Brief. Send back the data below exactly. Drop every picture.

Study material.
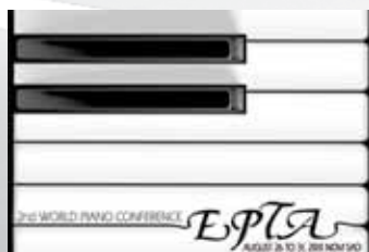
Second World Piano Conference, Novi Sad, August 26 – 31, 2010
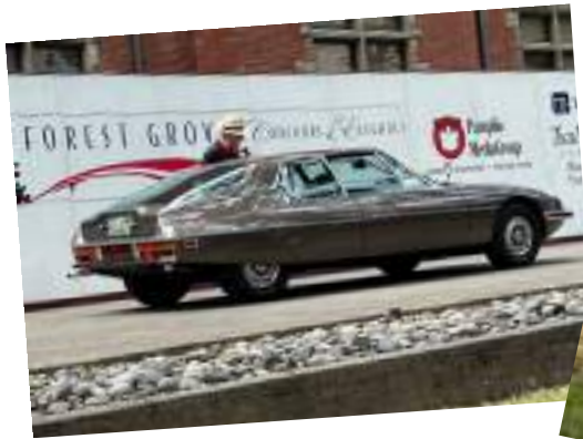
Photo Gallery from Forest Grove
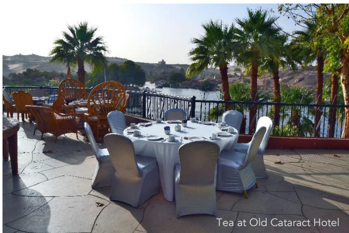
Tea at Old Cataract Hotel
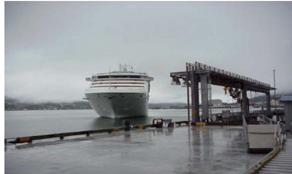
Cruise Ship Shore-Power

On the ship-side, cables are connected using male/female plug-and-socket system for easy handling. On-board power management software was used to automatically synchronize, combine and transfer. While synchronization of the ship with shore-power is mandatory for passenger ships, any disruption of power to passenger services is not acceptable.
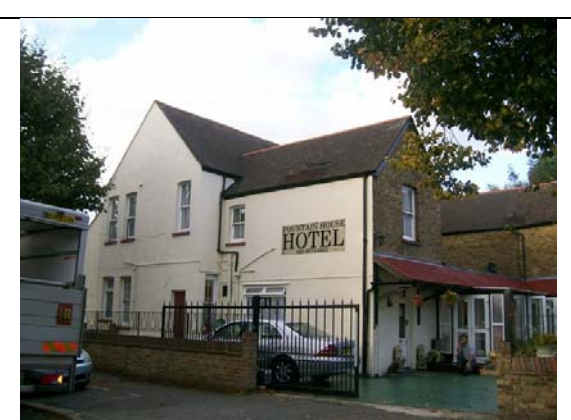
Elevation fronting Church Road
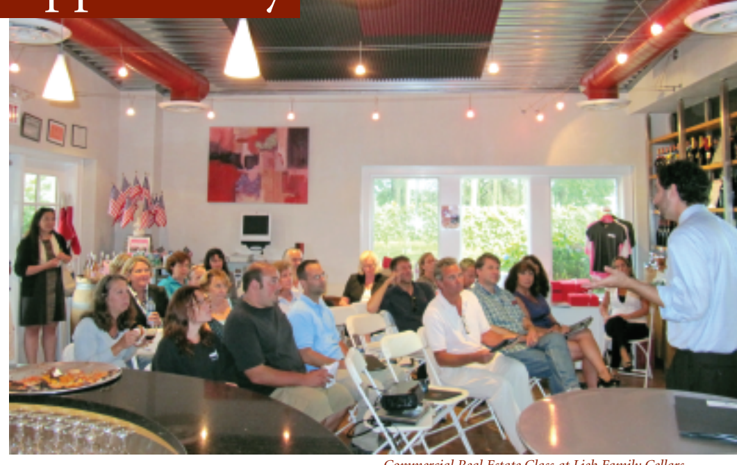
Commercial Real Estate Class at Lieb Family Cellars

and serve their clients. Becoming an expert in a new area may not be an easy task, but these agents are motivated to reach the greater community. Clients who've relied on residential brokers and agents to sell their two acre waterfront dock and cottage, are now requesting them to sell the corner plot of land adjacent to the seafood market that has been in their family for generations. These brokers and agents must seize the opportunity.
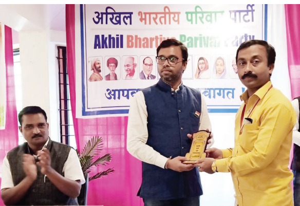
Excellence in social work

Task output.
Second World Piano Conference, Novi Sad, August 26 – 31, 2010
Photo Gallery from Forest Grove
Tea at Old Cataract Hotel
Cruise Ship Shore-Power

On the ship-side, cables are connected using male/female plug-and-socket system for easy handling. On-board power management software was used to automatically synchronize, combine and transfer. While synchronization of the ship with shore-power is mandatory for passenger ships, any disruption of power to passenger services is not acceptable.
Elevation fronting Church Road
Commercial Real Estate Class at Lieb Family Cellars

and serve their clients. Becoming an expert in a new area may not be an easy task, but these agents are motivated to reach the greater community. Clients who've relied on residential brokers and agents to sell their two acre waterfront dock and cottage, are now requesting them to sell the corner plot of land adjacent to the seafood market that has been in their family for generations. These brokers and agents must seize the opportunity.
Excellence in social work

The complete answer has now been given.